Other situations arose that Weileder didn't know how to handle initially. Dillan started to show an interest in learning more about other children who had undergone sexual assault, something from which Weileder initially tried to shield her.

Weileder was watching television when she a news story about an Olympic gymnastics doctor who had molested a child flashed across the screen. She tried to fast forward, afraid the coverage might upset Dillan.

"She asked me to let her watch," Weileder said. "She said she wanted to know how the girls handled it and if the guy was in jail. I actually think it made her feel better, knowing it isn't just her." 

Becoming a survivor

In Louisiana, child sexual abuse crimes can carry minimum sentences of between 25 and 99 years.

The Gingerbread House, a child advocacy center in Shreveport, videotapes children's testimony for use in court, to minimize additional trauma from repeatedly describing the sexual abuse to strangers.

But when cases head to trial, victims still must be present in the courtroom for cross examination. Their alleged abusers are in the same room.

Laura Fulco, first assistant district attorney in Caddo Parish, told The Times in previous coverage that child sexual abuse cases sometimes end with "plea" deals.

The offender will plead guilty to the charges in return for a fixed sentence agreed to by the defendant, prosecutor and victim's family. The child, in return, will not have to be present, and be re-traumatized, at trial, Fulco said.

That happened with Miller, who pleaded guilty to a sexual battery charge and was sentenced to 30 years in prison.  

Weileder said she was willing to accept the plea deal to keep her daughter "off the stand." The pre-teen also said she was happy that she would not have to see Miller again.

One day this month, Dillan proudly showed off a multi-colored pendant hanging from a delicate silver chain around her neck. 

It was a "survivor" necklace, she said, that staff at the Gingerbread House gave her after her forensic interview.

"I want to talk about what happened to me, so that if it happens to someone else they will know to tell their parents and the police," Dillan said. "I want to tell others, 'Don't be afraid.

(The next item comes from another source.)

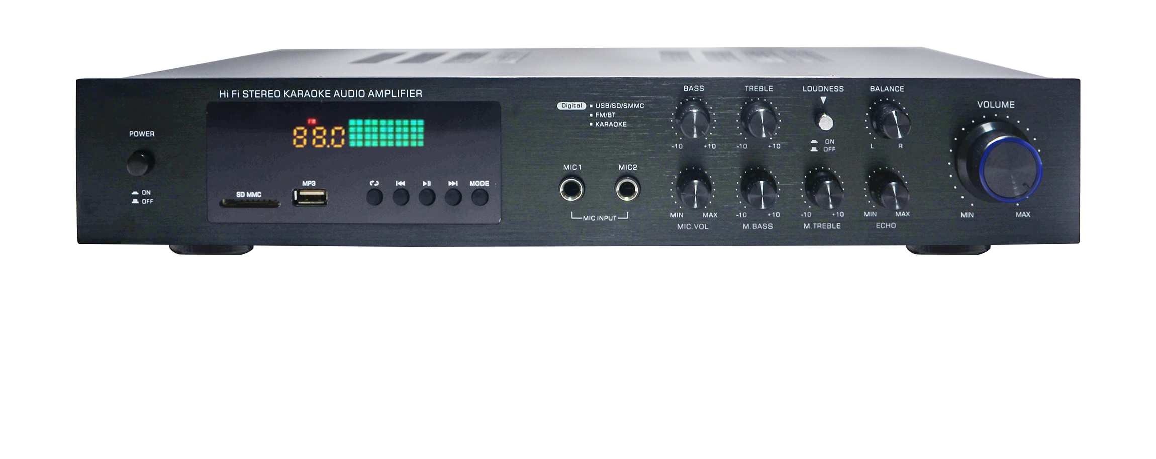 BOFMANN MP 320, güçlü 300 watt toplam çıkış gücüyle yüksek performans sunan stereo amplifikatördür. 2 kanal olarak 150W+150W çıkış sağlar ve 4-16Ω empedans aralığını destekler. Bluetooth özelliği sayesinde kablosuz müzik keyfi yaşatır.

It's not your fault.'"

Mollie Corbett's 'Outlier' expands to empower survivors statewide

Mollie Walton Corbett, a Shreveport artist, first told the Times about Dillan's story.

"I got a call from one of my Outlier mothers just now to say that the man that abused her young daughter got 30 years of jail for his sentence," Corbett said. 

The artist shared the family's excitement, noting: "There are so few who report, so few who tell, so few who get justice. It's such a strong reaction and sentencing in light of our current climate."

Corbett, herself a sexual assault survivor,  launched her first "Outlier" exhibit — a photography series of haunting but powerful portraits of individuals who survived sexual assault — in April 2016.

She defines an outlier as "a person who is unusual or successful and not like others in the same group, a survivor, someone who manages to continue a successful life despite very bad experiences."

The series has allowed women to cast aside shame and stigma from having undergone sexual assault and instead become survivors, Corbett said. 

The original Shreveport "Outlier" vision has since expanded to exhibits in Lafayette and New Orleans. Corbett said at least 50 survivors, including three men, have shared their stories with her. 

Corbett and her team shot video during those trips, which they assembled into a documentary that Corbett is trying to sell to a network to raise awareness.

"We have had industry interest, and there should be more news soon," she said. "I think something big will happen soon."

Corbettt said Dillan will be allowed to be an official "Outlier" story once she turns 18. Until then, Corbett said, she was proud of the young woman who "saved herself 30 years of couch-less living" by telling immediately.

"I am so proud of Dillan for telling. And I am so proud of her mother, first for believing and then for acting," Corbett said. "Dillan does not even understand yet what she's done for herself. She has restored her life before even knowing she needed the transformation and healing."

So proud of you, Dillan. You're my hero.